2. Employees enthusiasm to buy: Many life insurance employees are lateral entrants from the mutual fund industry, or people new to the financial services industry. They interact with mutual fund agents and in great gusto start doing SIPs in mutual funds! The enthusiasm with which the employees buy mutual funds is far, far greater than their comittment to ULIPs! Those who have any life insurance have Term insurance or nothing. No big employee comittment to UL products is visible. I do suffer from short vision, but this is an observation across 3-4 companies.
3. Stuck to the fund manager: Sadly if a fund manager leaves, but you cannot shift to another unit linked plan. In most life insurance companies the equity corpus is small. This means the economies of scale do not kick in, the services of the registrar is not outsourced (so it gets more expensive) and the life company finds it expensive to hire good fund managers. How ever, fund managers quit – hoping to jump into the MF jobs!

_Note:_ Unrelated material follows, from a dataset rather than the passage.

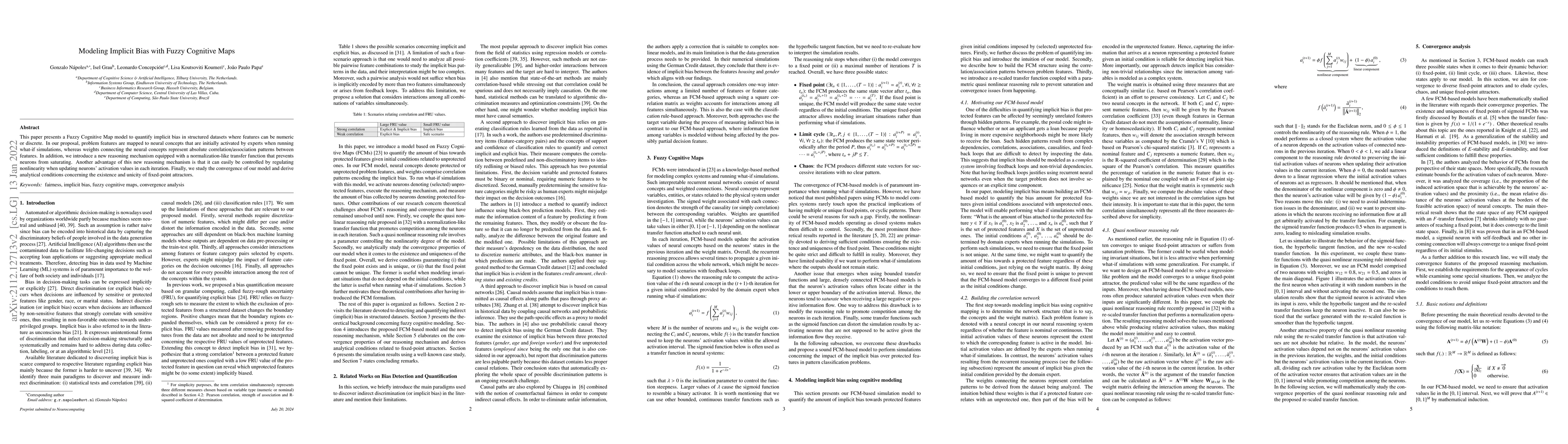 The paper presents a FCM-based model with a quasi-nonlinear reasoning mechanism and a re-scaled transfer function, ensuring controllable convergence to fixed-point attractors and enabling the quantification of implicit bias.

4. Large cap bias: One of the main reasons why big mutual funds (like Hdfc Top 200) are beating the index is perhaps the way the index is structured. Currently the index is not doing too well because Reliance is under some growth pangs. Your out or underperformance is decided on the basis of a few stocks – in 2007 it was Bharati and Rcom. In 2009 these 2 shares would have chewed your performance. However the UL portfolios are very heavily loaded towards the tried and tested heavy weights. Hence if you get index out performance you might end up getting poor absolute performance!
5. Too much of the charges are upfront: Oops I promised not to talk about the charges! Well, if too much money goes into the upfront charges not enough of your money goes to work immediately. In a way if you had bought a UL policy in the month of Jan 2009, your NAv would have gone up, but only on 30% of the premium paid – the other 70% is lost to charges. However in 2008 it would have been good – you may have lost less, but still wiped out your capital!
6. Service: Mutual fund services – wheter it is getting the statement, switch, ease of withdrawal are all favoring the mutual fund industry vis a vis the life insurance companies.
7. Construction of the product is too complicated: Understanding an Unit linked plan is really difficult. It is like a constant race. The lesser that the end user understands the greater money the manufacturer, and the distributor can make perhaps?
8. Sales force is OBVIOUSLY focused on earnings: A friend who wanted to invest Rs. 500,000 was sold 4 unit linked plans of Rs. 125,000 premium each – a very inefficient way! However the distributor made far greater money – about Rs. 40k MORE than by selling it as one Rs. 500k plan. This read with clause 7 shows why financial planners who do not sell life insurance plans for a living suggest a simple term plan instead of a complicated UL plan.
9. People who do not understand risk keep money in Unit Linked Plans in debt instruments. This along with high upfront charges ensures that you will never be able to treat this as an investment. At best it is a savings product – and a very inefficient one at that.
10. If you already have a unit linked plan find out the IRR (internal rate of return) on that product. Put all the premia paid in an excel sheet then type the current value (with a -ve sign) – let us say you have invested Rs. 10,000 per annum for 6 years and today it is worth Rs. 65,000 (after 6 years) your Irr would be 2%.
11. It is a rich man’s product: Suppose you wish to invest Rs. 500,000 a year and wish to invest it in 5-6 funds then you can choose to put Rs. 100,000 per annum (or Rs. 8500 per month) in a ULIP. Why Rs. 8500 a month? Simply because the absolute charges (like administration charges etc.) at Rs. 70 a month can really hurt a policy with a lesser premium. A person who wishes to invest only Rs. 100,000 a year cannot afford a UL of Rs. 100,000 p.a! So by the time you have enough money to invest in a UL, you may be say aged 45 years. At that age you do not have too much time for compounding. Heads I win, Tails you lose.